How to evaluate an LLM application · Compare experiment results · Analyze an experiment


Step 5: A/B in Production: Validate on Real Traffic

Once a config wins offline, I shadow-test ~15% of real traffic before full rollout. Both versions log to LangSmith with metadata={"variant": "v1"} / {"variant": "v2"}. After a day, I filter by variant and compare evaluator scores.

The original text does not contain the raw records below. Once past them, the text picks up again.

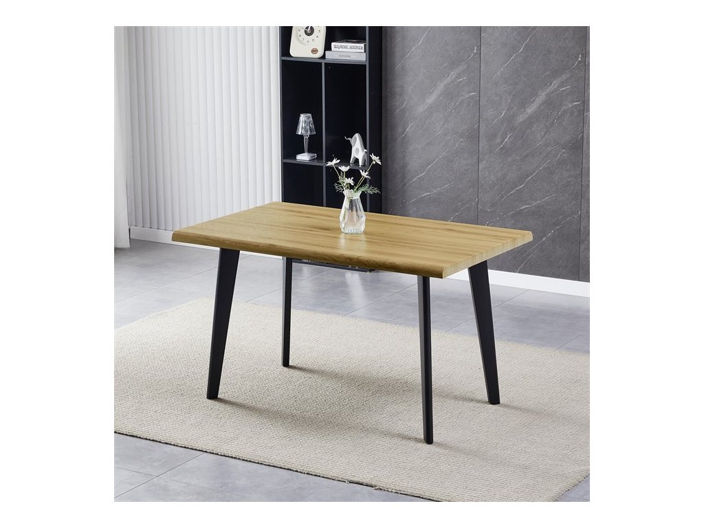 Tento jídelní stůl značky Autronic vnáší do interiéru rustikální kouzlo s moderním nádechem. Obdélníková deska z kvalitního MDF materiálu imituje vzhled opracovaného dřeva a přidává prostoru na autentičnosti a teple. Černé kovové nohy přidávají industriální kontrast a zajišťují pevnost a stabilitu. Svým nadčasovým designem a praktickými rozměry 130x80x75 cm se tento stůl hodí do různých stylů jídelen i kuchyní. Vyberte si tento elegantní a odolný stůl od Autronic a dopřejte si pohodlné rodinné stolování.
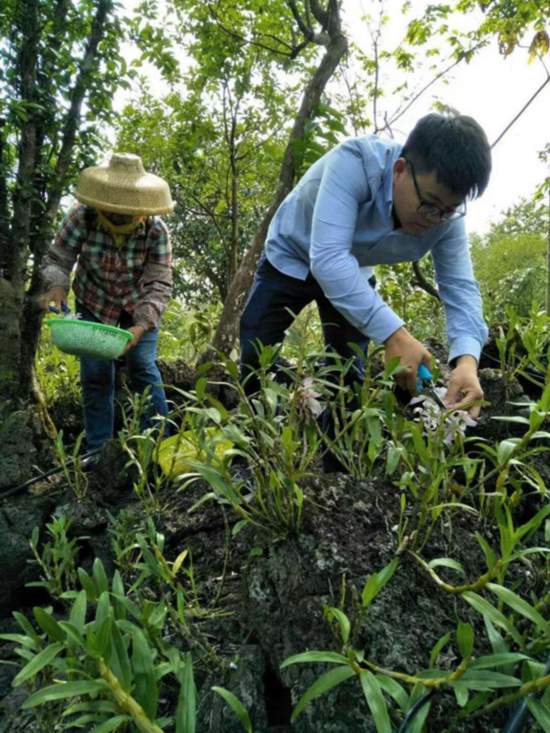 吳清偉帶領(lǐng)員工修剪火山石斛。受訪(fǎng)者供圖
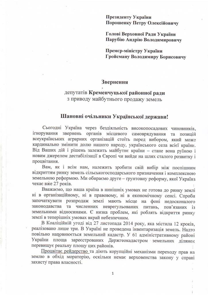25 января депутаты Кременчугского районного совета обратились к Президенту Украины, главе Верховной Рады и Премьер-министру Украины с требованием продлить мораторий на продажу сельскохозяйственных земель до 2025 года. Обращение было поддержано большинством голосов.

This catches distribution shift my failure dataset didn’t cover.

Filter traces in the application · Set up LLM-as-a-judge online evaluators · Set up automation rules


Step 6: Lock It as a Regression Test: Never Regress Silently (Again just an example)

# tests/test_regressions.py
def test_no_citation_regressions():
    results = evaluate(
        production_chain,
        data="rag-citation-failures-march-2026",
        evaluators=[citation_check],
    )
    avg_score = results.to_pandas()["has_citation"].mean()
    assert avg_score >= 0.90, f"Citation quality dropped: {avg_score}"

Every future PR runs against my known hard cases automatically.

How to run evaluations with pytest · CI/CD pipeline example


The Summary Table

Stage What I’m doing LangSmith feature
Trace triage Classify why it failed Spans, metadata tags
Dataset Turn failure cases into a benchmark Datasets
Evaluators Make the failure mode measurable Code / LLM-as-judge evaluators
Experiments Test one hypothesis at a time evaluate(), experiment comparison
A/B Validate on real traffic Metadata filtering, online eval
Regression suite Prevent silent regressions pytest + CI/CD integration

The core principle I adhere to: a trace you close without adding to a dataset is a learning opportunity permanently lost. The whole loop only works when failures become data points.